I’ve mentioned before that I think multicore computing is going to hit HEP hard. The basic problem is that we run all of our jobs in an embarrassingly parallel way. If the machine has 8 cores on it, then we run 8 reconstruction jobs. There is nothing wrong with this on the surface, and, indeed, performance tests indicate that so far we observe an almost linear speed increase as a function of the number of cores.
The problem, I fear, is getting data on and off the chip with the many cores. For code to run fast it must be well fed with CPU instructions and the data it is processing. Memory and the CPU have only so much bandwidth. The HEP way of running means that all the various cores are working on very different things – different data, different code – which means on-chip cache hits will be low – requiring more data from outside the chip.
At some point this has to start to impact performance. We’ll see that when we start getting linear increases in performance.
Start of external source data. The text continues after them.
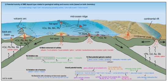 Several publications over the past years have demonstrated the controls of the geological setting on the bulk chemistry of seafloor massive sulfides [63,66,67,110,111]. With our samples, we have selected sites from various geotectonic settings in order to encompass the full range of minerals and chemistry focusing on elements considered likely to form toxic species including Cu, Zn, Pb, As, Sb, Cd, Co, Ni, Mn, Ag and Bi. Excluding major elements Fe, Cu and Zn, it is clear from our results (shown in Figure 8 and Figure 9) that the tectonic setting (including host rock composition and/or source of magmatic volatiles) is one of the major controls (PC1) of the distribution of potentially toxic elements (Ag, Sb, As, Pb, Bi), confirming the general tectonic implications discussed in the published literature and reiterated in the Introduction.
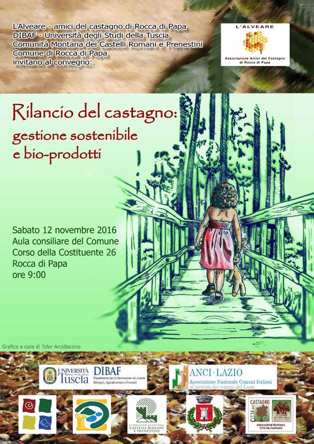 ROCCA DI PAPA (RM) – Sabato 12 Novembre 2016 (ore 9,00-14,00), Rocca di Papa ospiterà, nella sua Aula Consiliare, il 6° Convegno dedicato al “Rilancio del castagno: gestione sostenibile e bio-prodotti”, organizzato da L’Alveare – Associazione Amici del Castagno di Rocca di Papa (attivissimo Presidente Claudio Botti), con il contributo scientifico del Professore Associato, Francesco Carbone, del Dipartimento per la Innovazione dei sistemi Biologici, Agroalimentari e Forestali dell’Università degli Studi della Tuscia, della Comunità Montana Castelli Romani e Prenestini, e del Comune di Rocca di Papa (qui il programma del convegno •>).
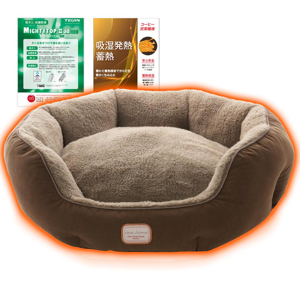 ``Шестислойная изоляция, включая алюминиевый лист, напыленный методом паровой обработки'' Благодаря тщательным исследованиям и уникальной шестислойной структуре мы создали зимнюю лежанку для кошек/собак, которая будет согревать вас до утра без необходимости обогрева.. Внешний слой выполнен из теплой арктической ковровой ткани, приятной на ощупь.. Средний слой изготовлен из аэрогелевого хлопка, обладающего «изоляционными свойствами», кофейного углеродного хлопка, обладающего «теплогенерацией в дальнем инфракрасном диапазоне», и ватина Teijin TEIJIN Mighty Top II ECO, обладающего превосходными «антибактериальными и дезодорирующими свойствами».. Кроме того, в подкладке используется теплоотражающий слой с алюминиевым покрытием, который выполняет функцию «блокировки холодного воздуха», отражая тепло, вырабатываемое в нижнем слое лежанки для кошки/собаки, и одновременно предотвращая проникновение холодного воздуха снаружи.. Эта лежанка для домашних животных обладает роскошным и мягким тепловым эффектом, который обеспечивает «блаженный сон» с теплом, окутывающим вас.

Ars had a nice article a day or so ago on this issue when discussing the various processors and their multi-core capabilities. The study they reference looks specifically at the memory bandwidth. IBM’s cell processor did the best – this is the chip used in the PS3 gaming console. It was specifically designed for high memory bandwidth. Intel’s architectures didn’t do nearly as well, however.
I also found it in interesting that before they were able to test the memory bandwidth they had to deal with some other bottlenecks in the Intel chips. Specifically, the Translation Lookaside Buffer (TLB) (see section 4.1 of the paper for a detailed discussion). Basically, every time the CPU goes to memory it must translate the requested memory address into a physics memory address. To speed up this process, the CPU maintains a cache of these translations. If you hit the cache your memory access proceeds at a very quick speed. If you don’t, then things grind to a halt while the CPU calculates the translation. If you are accessing data spread over a large area of memory you are bound to constantly be overflowing the the TLB cache. This is interesting because it strongly resonates with one of the presentations on optimizing CMS code at CHEP. Specifically, their memory allocation and deallocation (see page 18 of the talk). This means the CPU is constantly jumping around from whatever code it is working on, to the alloc/dealloc, to scanning memory for free blocks – all these operations use up slots in the TLB without actually “getting work done”.
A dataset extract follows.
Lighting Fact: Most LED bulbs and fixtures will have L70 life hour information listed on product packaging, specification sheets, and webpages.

Fortunately, in the Ars article, they mention that the CPU manufactures, like Intel, are aware of this, and the next generation of chips will have much larger TLB’s – which should help with this issue. It is always the next generation, isn’t it?🙂
I wonder if we in HEP will ever hit this memory bandwidth bottleneck? Perhaps when we have 8 cores on a chip (when is that predicted to happen? Next year!? :-)). Getting around the bottleneck will require some major work in how we write our code: it is all inherently single-threaded.
BTW, the point of this study was to optimize a physics simulation — a magnetohydrodynamic system. Physics is everywhere!